NH Baritone wrote:Uh ... you're welcome?
Irony so thick you would need a chain saw.
Brad wrote:If I'm not mistaken, the whole notion of "two becoming one" is a religious / mystical construct - an unrealistic and ridiculous and demeaning one, at that. That's in no way to say that many married couples - especially older couples who have been married a long time - don't meld their lives in many very significant intentional and unintentional ways. But as a metaphysical or romantic aspiration, I think "2 into 1" is dangerous and just flat dumb.
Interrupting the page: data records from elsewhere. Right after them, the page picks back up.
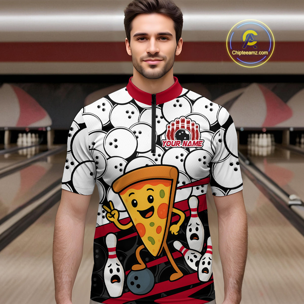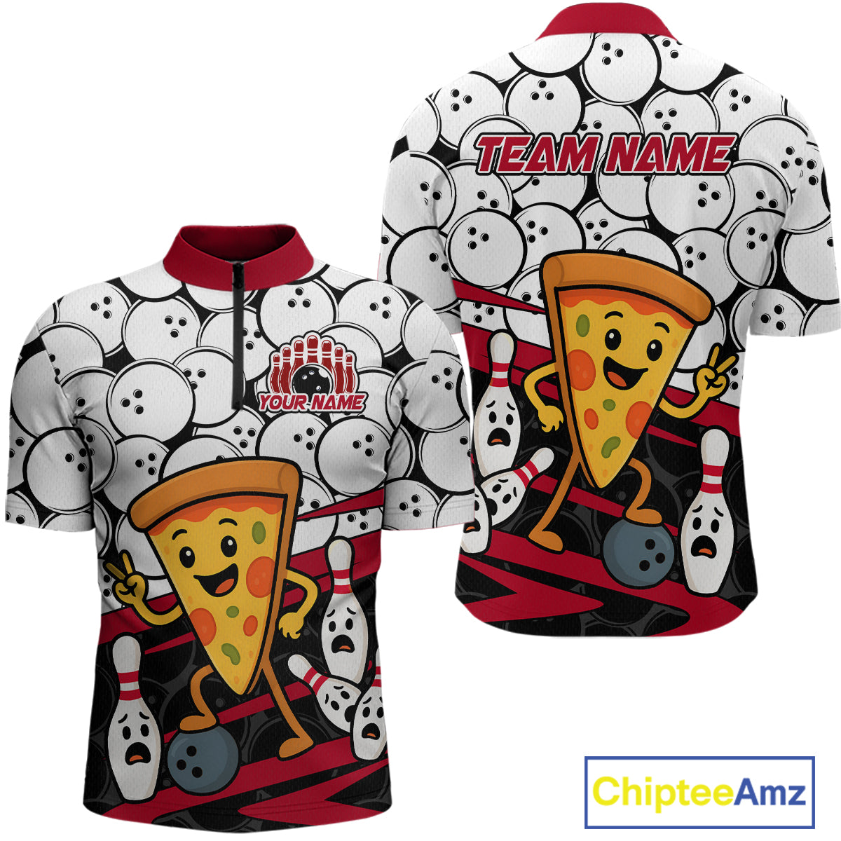Custom Red Funny Pizza Bowling Shirt Bowling with Food for Men Polo Bowling Jersey QZT799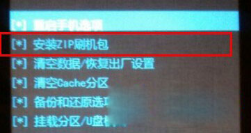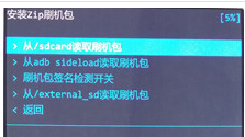 5:返回主界面,按音量鍵選擇【安裝zip刷機包】然後再選擇【從/sdcard讀取刷機包】,然後找到剛才復制到手機sd卡根目錄下的zip格式的rom刷機包(比如:XXXXXX.zip),然後再選擇【是的-安裝 XXXXX.zip】,按電源鍵確認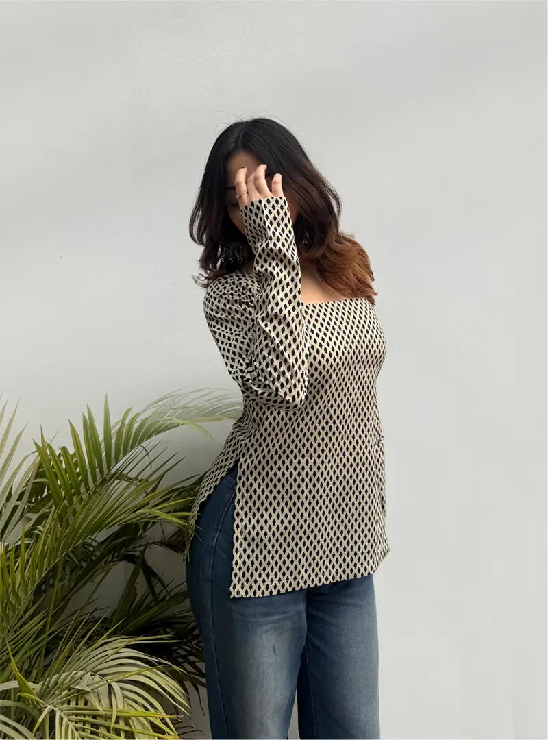 Sargam Boat Neck Kurti by Evara features a clean silhouette, comfortable fit & 100% pure cotton fabric—perfect for college, office and everyday wear.
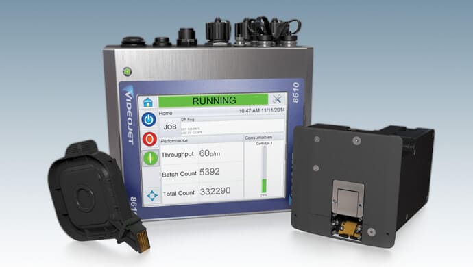 The Videojet 8610 thermal inkjet (TIJ) printer utilizes a revolutionary, purpose-built cartridge designed to use MEK fluids. You can now bring the simplicity of thermal inkjet to applications that require printing of crisp, repeatable codes on foils, films, plastics and coated stocks. Ideally suited for applications in food processing, cosmetics, and pharmaceuticals, the 8610 combines high-resolution printing of customer-facing and supply chain information with incredibly simple operation.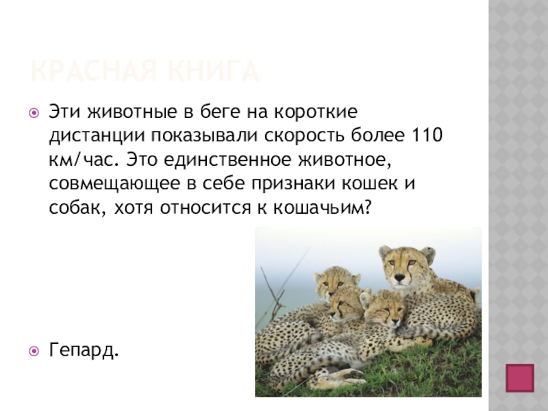 КРАСНАЯ КНИГАЭти животные в беге на короткие дистанции показывали скорость более 110 км/час. Это единственное животное, совмещающее

joekohr wrote:there's still a sense of a family unit being cohesive. I don't know if I'm ready to change my thinking on this. I think that a family does have to have cohesion, even if that includes compromises. I don't think one spouse is half a person, but they are half of a family unit.
Kiwi wrote:So I now have 12 pages of testimony from my parents, six pages each, that explain why they believe in God. It is in fact very useful and informative and I find myself wondering why I haven't heard or read some of this stuff before. Well written, personal and non-confrontational. Dad didn't try to lodge arguments in favour of God, he simply wrote a spiritual autobiography. Mum responded to various points that I had written, slightly more forcefully than I am used to her being.
Kiwi wrote:That's a phenomenal post, Baritone, thanks. Compassionate, insightful and helpful. It's the sort of thing that justifies this forum needing to last forever in case some other new atheist might stumble upon it deep amongst the archives one day.
Cheers to you.
For those of you who were surrounded by devout and faithful believers when you made your transition to the dark side... how did it go? How long did it take you to 'fess up? What was the reaction?